Можно, конечно, повздыхать здесь: сколько, мол, пришлось претерпеть лучшим людям России, да уж столько вздохов на эту тему было испущено, что не стоит снова воздух сотрясать!
Мия тоже устроилась было портнихой, однако толку от нее в этом деле не было – слишком уж непоседлива оказалась. Сиделкой в больницу для бедных ей идти не хотелось, а в хороший госпиталь устроиться оказалось невозможно: у нее не было медицинского диплома. Да и хватило ей по горло фронтовой медицины!

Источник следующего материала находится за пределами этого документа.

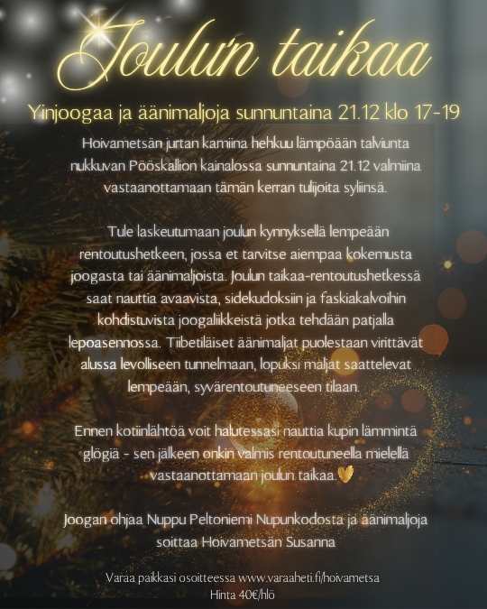 Huom! Jos haluat päästä vaikuttamaan, milloin seuraavia äänimatkoja ja rentoutushetkiä pidetään, laita WA-viestiä o5o3082723 ja pyydä päästä liittyä Hoivametsän WA-ryhmään jossa sovitaan yhdessä tulevia ajankohtia 💚

Кто-то познакомил ее с моей мачехой, та предложила ей сначала служить на кухне, подсобницей, но увидела ее брата… потом Мия показала ей, как они танцуют… Ну вот они и стали «звездами» в «Черной шали»!
Я уж рассказывала, каким образом расстроилась ее танцевальная карьера. И вот, выгнанная вон, Мия внезапно встретила на улице бывшего, еще петербургского, гувернера-француза своего брата! Я же говорю – у каждого эмигранта есть история своих невероятных встреч в Париже… Вернувшись на родину, этот бывший гувернер открыл магазин и даже преуспевал. Он одобрительно осмотрел стройную фигуру Мии и посоветовал ей пойти манекеном в maison de couture. У него были знакомства в доме «Вионне» – знакомства прежние, тоже еще петербургские, потому что мужем хозяйки-француженки был русский генерал Нечволодов, эмигрант, который владел преуспевающим обувным предприятием «Нетч и Фратер».
Мадам Вионне очень понравилась Мия с ее мальчишеской фигуркой: тогда входили в моду прямые платья с заниженной талией, невыразительные формы начинали ценить. Например, в то время модно стало, чтобы у женщины сзади ничего не имелось, никаких выпуклостей, а ведь это было далеко не так, поэтому манекены на дефиле, да и вообще дамы на улицах, им подражающие, ходили как-то диковинно прогнувшись, выставив вперед бедра (между прочим, с тех пор и повелась эта нелепая походка, которой щеголяют на подиумах нынешние модели), но больше всех ценились женщины с плоскими попами (pardon!), а ведь русские девушки вообще не отличаются дерзостью задниц (pardon-pardon!), в отличие от француженок, к примеру, то есть у русских были модные фигуры, поэтому спрос на наших манекенов был очень велик.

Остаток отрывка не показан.